§ ACTION ITEM: Restate word for word the lines below that run from the one holding "(a) Dendrobium kingianum" through the one holding "中建璟瑞2栋楼取证将销售住房均价17280元/㎡", inclusive. Pictures don't belong in the copy.

*** MATERIAL SHOWN Section Begins ***

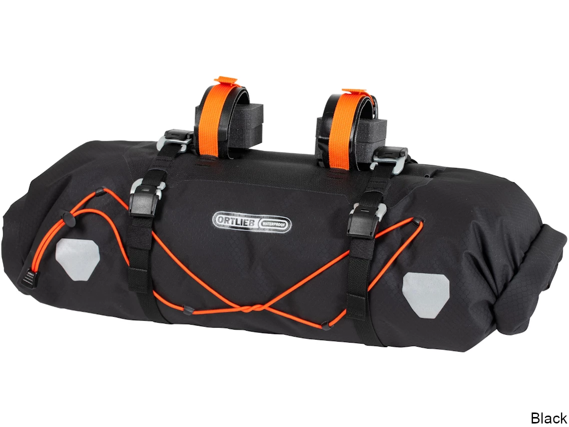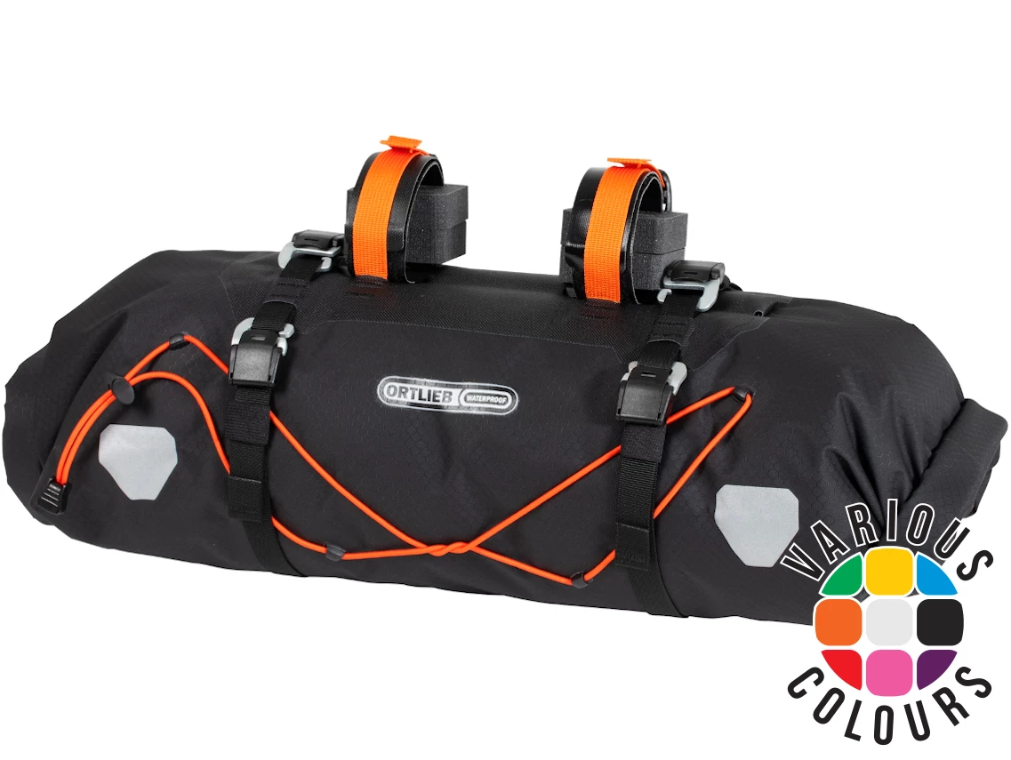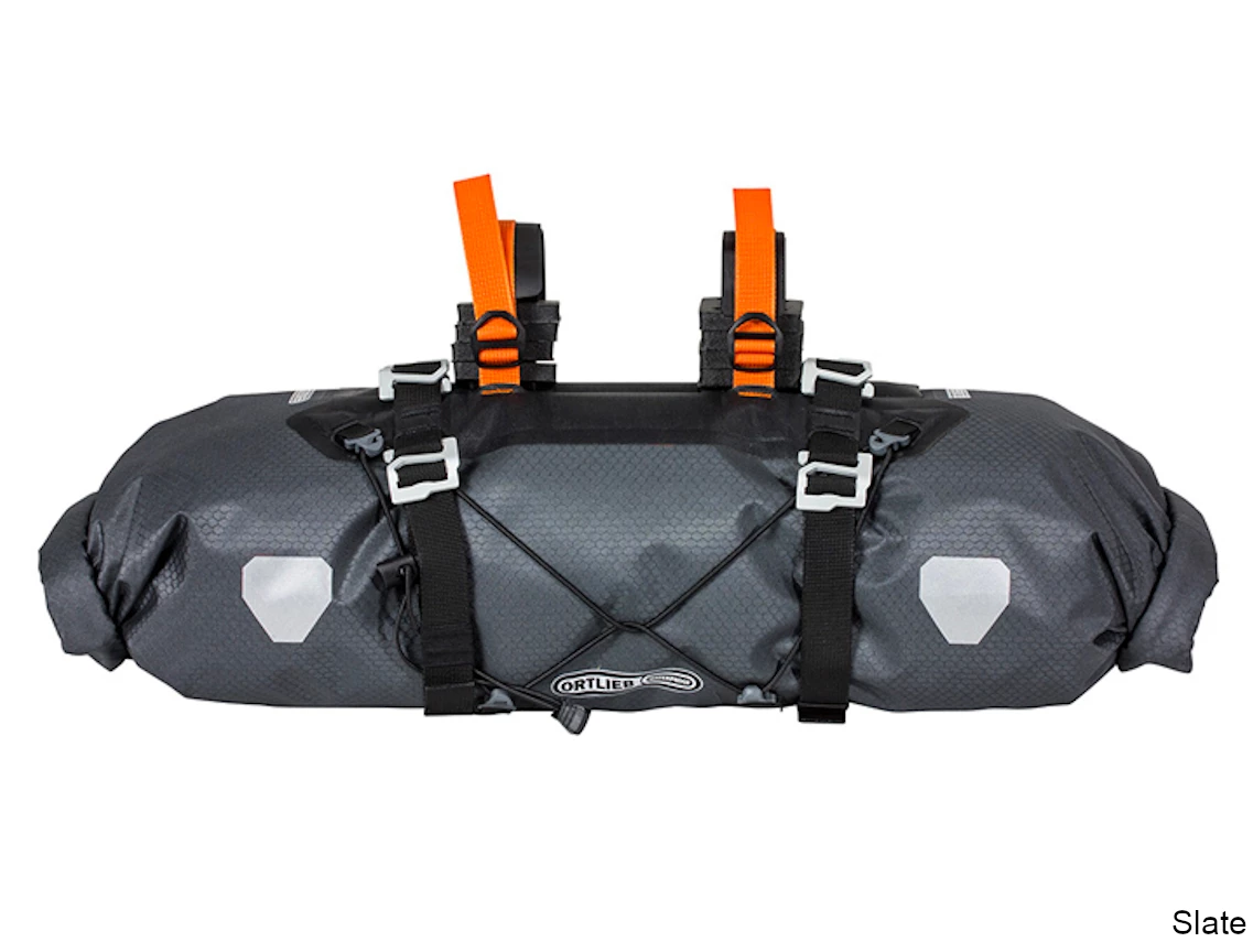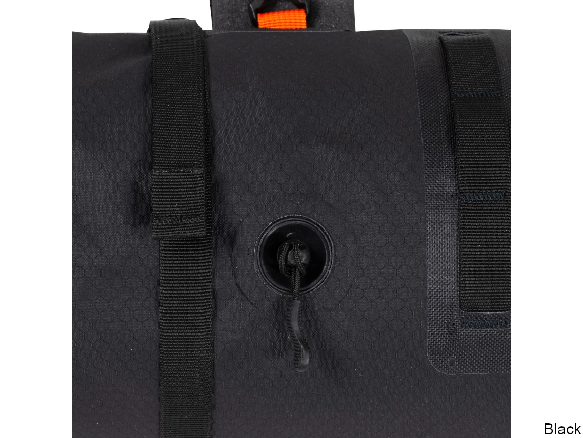 Indispensable if you’re planning to spend nights in the great outdoors while on your bikepacking tour, the Ortlieb Handlebar-Pack is a waterproof pack with 15 liters of space for your sleeping bag and sleeping pad. It also helps to ensure a balanced pack and load distribution on your bike. Thanks to the two-sided roll closures, you can easily access your stuff at any time. Compression belts and drawstrings on the outside enable you to stow and attach additional equipment. If you need extra volume, use the four hooks to attach the Accessory-Pack to the Handlebar-Pack. The mounting system, consisting of spacers and two straps with ultra-strong Velcro closures, ensures a stable attachment to any handlebar type. Integrated plastic stiffeners on the inside of the handlebar pack and an attachment fixture for the head tube provide reliable stability in any terrain.
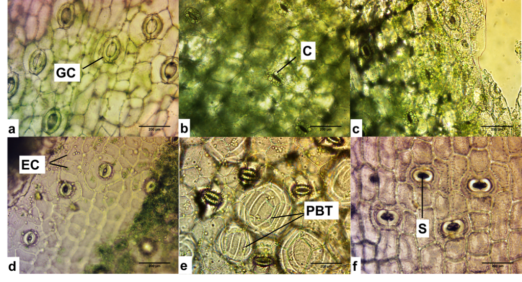 (a) Dendrobium kingianum with anomocytic stomata, (b) Guarianthe skinneri with anomocytic stomata, (c) Thrixspermum subulata with anomocytic stomata (d) Lophiaris silverarum with tetracytic stomata, (e) Vanilla planifola with anisocytic stomata, and (f) Rossioglossum ampliatum withanomocytic stomata.
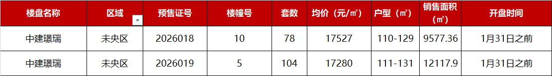 中建璟瑞2栋楼取证将销售住房均价17280元/㎡
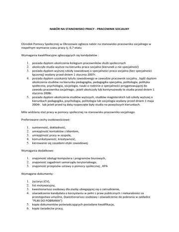 NABÓR NA STANOWISKO PRACY - PRACOWNIK SOCJALNY Ośrodek Pomocy Społecznej w Obrazowie ogłasza nabór na stanowisko pracownika socjalnego w niepełnym wymiarze czasu pracy tj. 0,7 etatu Wymagania kwalifikacyjne zgłaszających się kandydatów : 1. posiada dyplom ukooczenia kolegium pracowników służb społecznych 2. ukooczyła studia wyższe na kierunku praca socjalna (kierunek a nie specjalnośd) 3. posiada dyplom wyższej szkoły zawodowej o specjalności praca socjalna (bez specjalności łączonej) wydany przed dniem 1 stycznia 2007r. 4. posiada dyplom uzyskania tytułu zawodowego w zawodzie pracownik socjalny , bądź dyplom ukooczenia studiów na kierunku pedagogika, pedagogika specjalna, politologia, polityka społeczna, psychologia, socjologia, nauki o rodzinie o specjalności przygotowującej do zawodu pracownika socjalnego ; jeżeli ukooczyły lub kontynuowały te studia przed dniem 1 stycznia 2008r. 5. posiada dyplom ukooczenia studiów wyższych, studiów magisterskich lub szkoły wyższej o kierunkach pedagogika, psychologia, politologia lub socjologia wydany przed dniem 1 maja 2004r. lub jeżeli przed tą datą rozpoczęte były studia na powyższych kierunkach. Mile widziany staż pracy w pomocy społecznej na stanowisku pracownika socjalnego. Preferowane cechy osobowościowe: 1. 2. 3. 4. 5. sumiennośd, dokładnośd, umiejętnośd kontaktów z klientem, umiejętnośd pracy w zespole, komunikatywnośd, kreatywnośd, kierowanie się zasadami etyki zawodowej Wymagania dodatkowe: 1. znajomośd obsługi komputera i programów biurowych, 2. znajomośd zagadnieo samorządu terytorialnego, 3. znajomośd przepisów ustawy o pomocy społecznej , KPA Wymagane dokumenty: 1. 2. 3. 4. życiorys (CV), list motywacyjny, kwestionariusz osobowy dla osoby ubiegającej się o zatrudnienie, oświadczenie kandydata o korzystaniu w pełni z praw publicznych i niekaralności za przestępstwa umyślne, (kwestionariusz osobowy i oświadczenie do pobrania w zakładce "PLIKI DO POBRANIA") 5. kopie dokumentów poświadczających posiadane kwalifikacje, 6. kopie świadectw pracy, 7. inne dodatkowe dokumenty o posiadanych kwalifikacjach i umiejętnościach, ewentualne opinie, referencje Osoby spełniające powyższe wymagania zainteresowane podjęciem pracy na stanowisku pracownika socjalnego proszeni są o składanie dokumentów aplikacyjnych w Ośrodku Pomocy Społecznej w Obrazowie w terminie do dnia 5 sierpnia 2011r. Wymagane dokumenty powinny byd opatrzone klauzulą: "Wyrażam zgodę na przetwarzanie moich danych osobowych zawartych w ofercie pracy dla potrzeb niezbędnych do realizacji procesu rekrutacji zgodnie z Ustawą z dnia 29.08.1997r. o ochronie danych osobowych( Dz.U. z 202r. r 101, poz. 926) oraz ustawą z dnia 21.11.2008r. o pracownikach samorządowych (Dz.U. z 2008r. Nr 223, poz. 1458 z późniejszymi zmianami)" Aplikacje kandydatów nie spełniających wymagao kwalifikacyjnych pozostaną bez rozpatrzenia. Bliższych informacji można uzyskad pod nr tel. 15 8365199
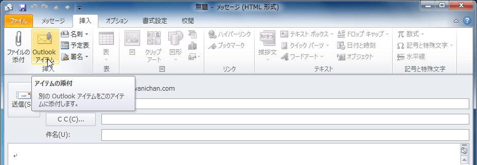- [挿入]グループの[Outlookアイテム]を選択します。
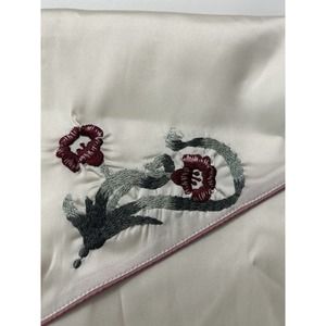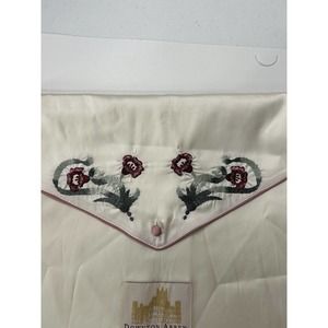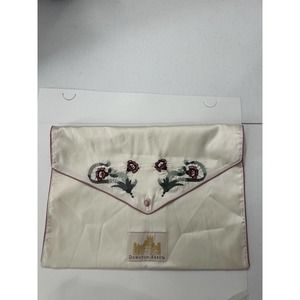 Downton Abbey Beige Satin Embroidered Button Close Large Pouch Makeup Jewelry. Pre owned. No stains. No tears. No holes. Approximate measurements:
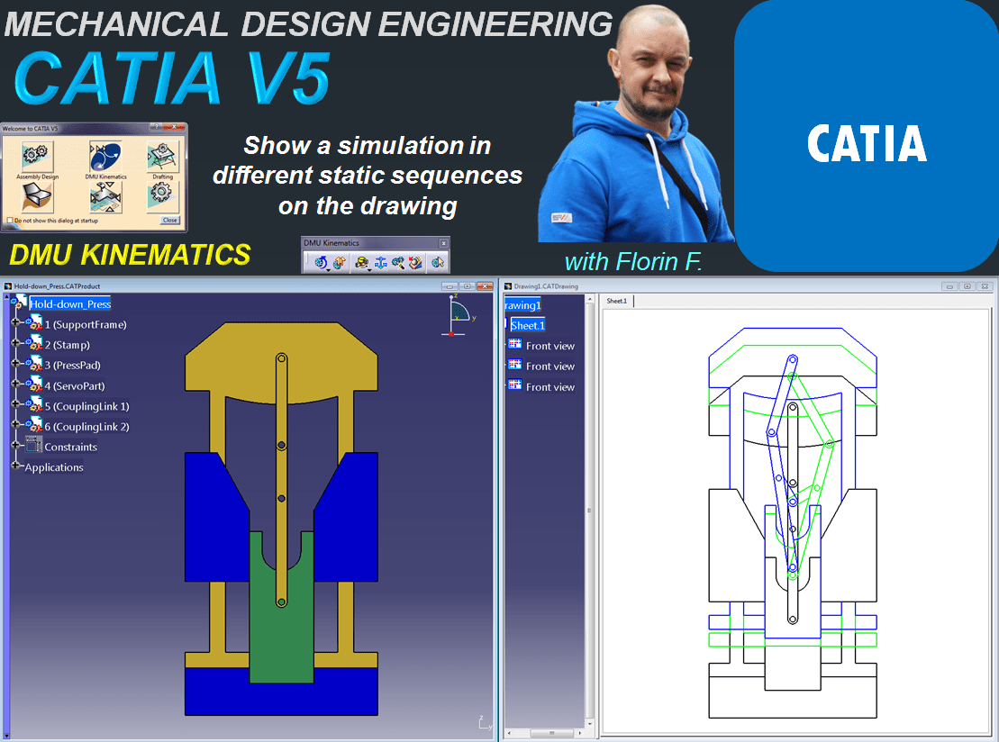 In this post I will show you how can you present different simulation stages of a mechanism in few static sequences drawing. Obviously before to create a drawing you must have your 3D available. So let’s create the mechanism first.
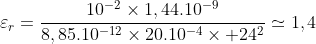 - Quelle est la permittivité relative d'un diélectrique se trouvant entre les 2 armatures d'un condensateur sachant que ce condensateur emmagasine une énergie de 1,44 nJ sous une tension de 24V sachant que :
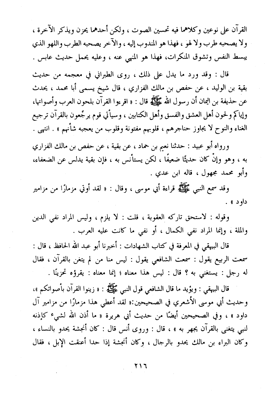 قَالَ الْبَيْهَقِيّ وَيُؤَيّد مَا قَالَ الشَّافِعِي قَول النَّبِي صَلَّى اللَّهُ عَلَيْهِ وَسَلَّم َ (زَينُوا الْقُرْآن بِأَصْوَاتِكُمْ) وَحَدِيث أبي مُوسَى الْأَشْعَرِيّ فِي الصَّحِيحَيْنِ (لقد أعطي هَذَا مِزْمَارًا من مَزَامِير آل وَفِي الصَّحِيحَيْنِ أَيْضا من حَدِيث أبي هُرَيْرَة مَا أذن الله لشَيْء كَإِذْنِهِ لنَبِيّ يتَغَنَّى بِالْقُرْآنِ يجْهر بِهِ قَالَ وَرَوَى أنس قَالَ كَانَ أَنْجَشَة يَحْدُو بِالنسَاء وَكَانَ الْبَراء بن مَالك يَحْدُو بِالرِّجَالِ وَكَانَ أَنْجَشَة إِذا حدا أَعْنَقت الْإِبِل فَقَالَ
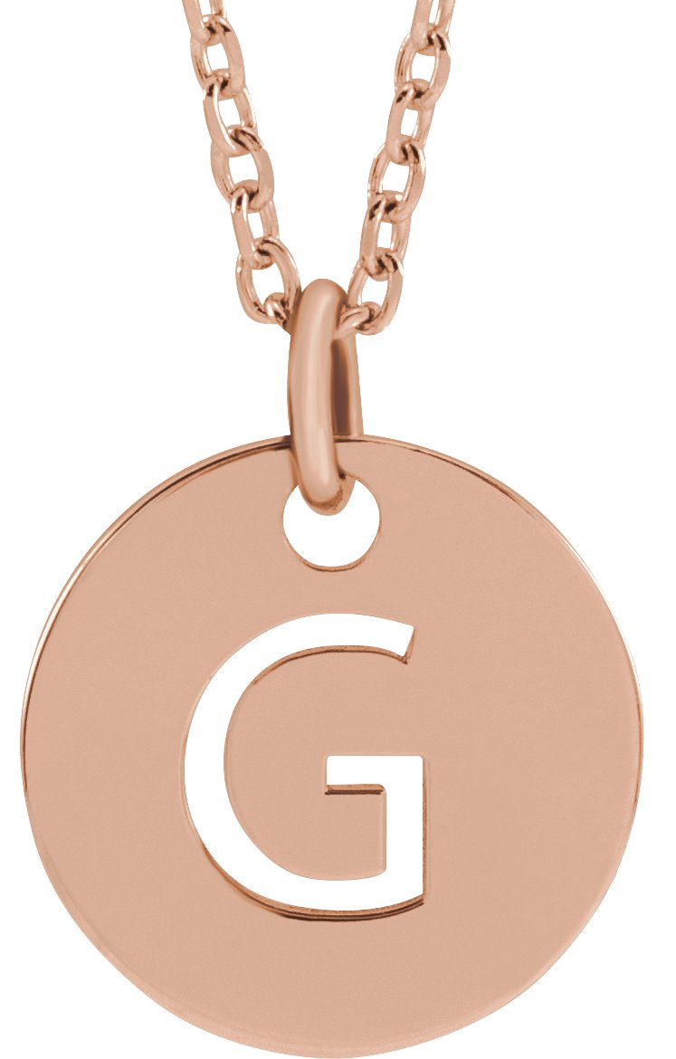 18K Rose Gold Plated Sterling Silver Initial G 10 mm Disc 16 to 18 inch Necklace Ref 17697377

*** MATERIAL SHOWN Section Ends ***

§ YOUR RESPONSE:
 (a) Dendrobium kingianum with anomocytic stomata, (b) Guarianthe skinneri with anomocytic stomata, (c) Thrixspermum subulata with anomocytic stomata (d) Lophiaris silverarum with tetracytic stomata, (e) Vanilla planifola with anisocytic stomata, and (f) Rossioglossum ampliatum withanomocytic stomata.
 中建璟瑞2栋楼取证将销售住房均价17280元/㎡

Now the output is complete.